Sekilas Dari Buru

6 0 0
                                    


Satu pulau di sebelah pulau seram dan pulau ambon, perbukitan rumput indah menjulang di belakang pelabuhan Namlea yang sedang disinggahi kapal nggapulu sekitar 5 jam. Bukit-bukit yang curam itu indah layak wallpaper windows xp, dan sebuah cerita dari luka galian di tanah bukit itu diceritakan seorang penumpang yang baru saja naik berkenalan denganku, luka itu adalah tambang emas.

Dahulu buru terkenal akan minyak kayu putihnya yang konon bisa menyembuhkan banyak penyakit. Minyak yang jauh lebih mahal daripada minyak kayu putih pabrikan, yang bahkan walau sudah diragukan kemurnian campurannya, di ambon semua teman seperjalananku tetap membelinya seharga 100 ribu per botol. Komoditi masyarakat lokal yang sekarang katanya sudah sangat langka, karena petani-petani kayu putih tersebut telah berpindah profesi menjadi sesuatu yang lebih menggiurkan, penambang emas. Dimulai di tahun 2010, dimana salah seorang petani berhasil menyuling emas di tempat yang katanya dia ketahui lewat mimpi. Tersebarlah informasi tersebut, dan tidak hanya warga lokal buru yang menjadi penggiat penambang emas, seluruh masyarakat di indonesia yang mengetahui kabar itu berbondong-bondong datang untuk menjadi penggiat pertambangan tersebut. membayar yang hampir bisa dibilang tiket menambang sebesar 700 ribu untuk tenggat waktu 3 bulan penambangan kepada marga-marga lokal adalah kegiatan yang kini menjadi untung-untungan karena ada kemungkinan untuk tidak dapat emas sama sekali. Ratusan meter dalam tergali untuk terus memenuhi rasa lapar akan emas dari tanah yang tidak bisa di ambil oleh pemerintah tersebut, tanah adat.

Kerusuhan terjadi di awal-awal tahun 2013. Pembunuhan tiba-tiba seperti memenggal kepal, menombak, hingga memanah dilakukan oleh warga lokal yang telah menjatuhkan banyak korban. Darah dan nyawa yang tertumpah dalam rangka sebuah pengorbanan tumbal untuk sang tanah agar terus memberikan emasnya. Suasana mencekam terjadi kepada para penambang yang tidak bisa melawan perilaku mereka tuan tanah. Uang yang ditarik secara bergilir dari tiap-tiap marga yang ada pun tidak memberikan rasa aman bagi penambang yang dihantui oleh bayangan akan menjadi tumbal bagi tanah ini. Kerusuhan masih berlanjut entah sampai kapan, terakhir adalah sebelum masuk bulan puasa, satu setengah bulan yang lalu.

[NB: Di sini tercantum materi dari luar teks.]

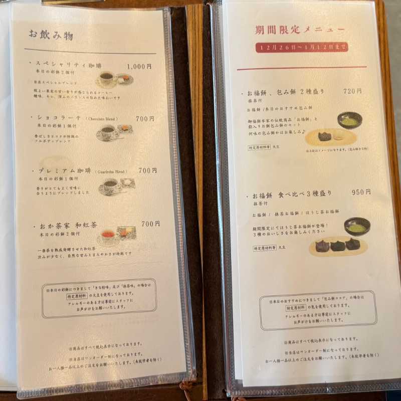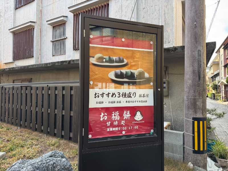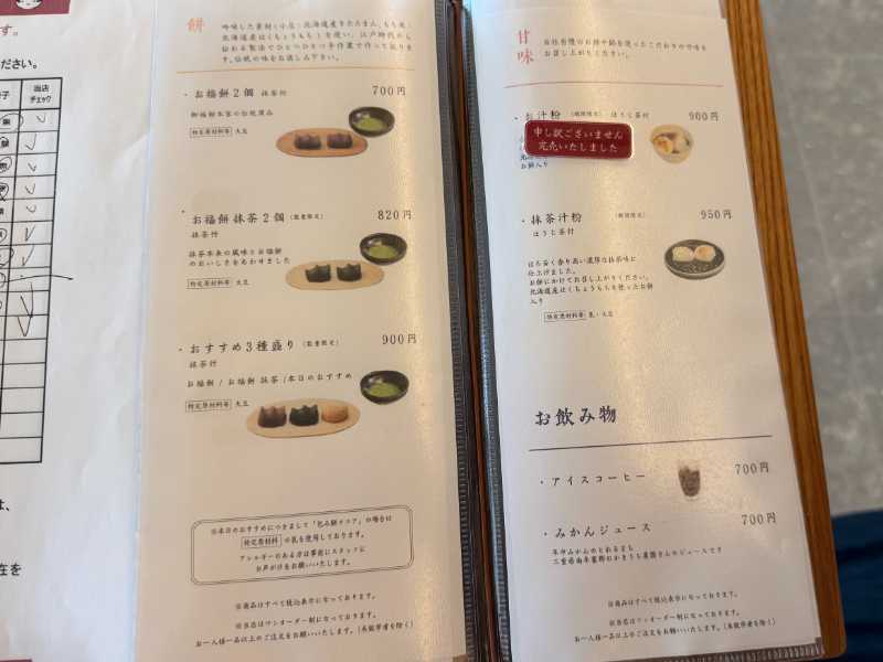 甘味処のメニューはこんな感じで、お福餅、お福餅抹茶、本日のおすすめを一度に楽しめる3種盛などがあります。

Pemerintah yang tidak bisa masuk ke tanah adat, dan wewenang raja adat yang mulai di acuhkan kebijakannya, tidak memberikan sebuah kesimpulan moral yang harus diterapkan pada kondisi yang ada ini. Berlanjut layaknya bukan sebuah kriminalitas, untuk makan di daerah tambang kita harus bercengkerama dengan lalat-lalat dari mayat tumbal tanah tambang emas buru.